BPE (Byte-Pair Encoding) Algorithm
- Initialize the vocabulary at the character (or byte) level
- Find the most frequent adjacent token pair in the corpus
- Merge that pair into a new token and add it to the vocabulary
- Repeat steps 2–3 until the target vocabulary size is reached
For example, if "l o w" and "l o w e r" appear frequently, the algorithm first merges "lo" → "low", yielding efficient substring representations.
2. LLM Architecture
Modern LLMs are based on the Transformer decoder, incorporating several architectural improvements.
RMSNorm
A lightweight normalization method that removes the mean subtraction from LayerNorm and normalizes using only the root mean square (RMS).
$$\text{RMSNorm}(\boldsymbol{x}) = \frac{\boldsymbol{x}}{\sqrt{\frac{1}{d}\sum_{i=1}^{d} x_i^2 + \epsilon}} \odot \boldsymbol{\gamma}$$RoPE (Rotary Position Embedding)

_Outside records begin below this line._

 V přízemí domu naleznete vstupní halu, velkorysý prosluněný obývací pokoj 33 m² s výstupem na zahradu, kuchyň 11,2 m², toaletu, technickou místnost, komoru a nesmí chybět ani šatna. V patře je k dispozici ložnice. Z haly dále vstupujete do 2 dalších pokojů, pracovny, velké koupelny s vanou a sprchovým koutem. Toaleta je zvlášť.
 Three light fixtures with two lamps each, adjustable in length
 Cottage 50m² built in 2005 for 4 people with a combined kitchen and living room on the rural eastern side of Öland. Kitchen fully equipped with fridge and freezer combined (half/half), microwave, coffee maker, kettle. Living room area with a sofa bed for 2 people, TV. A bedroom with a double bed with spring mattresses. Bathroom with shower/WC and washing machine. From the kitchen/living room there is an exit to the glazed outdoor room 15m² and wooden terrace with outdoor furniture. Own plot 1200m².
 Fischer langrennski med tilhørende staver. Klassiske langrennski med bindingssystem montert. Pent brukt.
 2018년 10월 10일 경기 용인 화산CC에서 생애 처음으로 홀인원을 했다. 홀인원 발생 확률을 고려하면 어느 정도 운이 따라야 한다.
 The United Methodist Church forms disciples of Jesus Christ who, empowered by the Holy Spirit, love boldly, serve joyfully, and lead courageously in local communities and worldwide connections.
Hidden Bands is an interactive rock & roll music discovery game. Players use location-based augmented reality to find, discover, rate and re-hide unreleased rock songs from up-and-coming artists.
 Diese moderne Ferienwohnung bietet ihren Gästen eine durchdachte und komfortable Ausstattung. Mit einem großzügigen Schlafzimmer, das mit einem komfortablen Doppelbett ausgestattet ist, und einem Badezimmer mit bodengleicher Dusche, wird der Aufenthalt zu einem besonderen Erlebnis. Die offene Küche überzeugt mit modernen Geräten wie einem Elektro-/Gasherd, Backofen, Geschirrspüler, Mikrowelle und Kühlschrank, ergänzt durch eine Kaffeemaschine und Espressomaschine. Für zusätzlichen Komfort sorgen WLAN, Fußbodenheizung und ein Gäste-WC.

Relative position information is injected by multiplying the Query and Key vectors with rotation matrices. The $d$-dimensional vector is split into 2-dimensional blocks, and each block is rotated according to position $m$:
$$\begin{pmatrix} x'_{2i} \\ x'_{2i+1} \end{pmatrix} = \begin{pmatrix} \cos m\theta_i & -\sin m\theta_i \\ \sin m\theta_i & \cos m\theta_i \end{pmatrix} \begin{pmatrix} x_{2i} \\ x_{2i+1} \end{pmatrix}, \quad \theta_i = 10000^{-2i/d}$$Due to this rotation, the inner product of the Query at position $m$ and the Key at position $n$ depends only on the position difference $m - n$. Unlike absolute position encoding, relative position information is naturally injected without adding any learnable parameters.
Grouped-Query Attention (GQA)
In MHA (Multi-Head Attention), each head has independent Q, K, and V projections. In GQA, multiple Query heads share Key-Value heads, thereby reducing KV cache memory usage while maintaining performance close to MHA.
MHA vs MQA vs GQA
- MHA (Multi-Head): Independent K, V per head → high memory usage
- MQA (Multi-Query): All heads share K, V → minimum memory, slightly lower accuracy
- GQA (Grouped-Query): K, V shared within G groups → intermediate between MHA and MQA
SwiGLU
An activation function that replaces ReLU with Swish (SiLU) and adds a gating mechanism.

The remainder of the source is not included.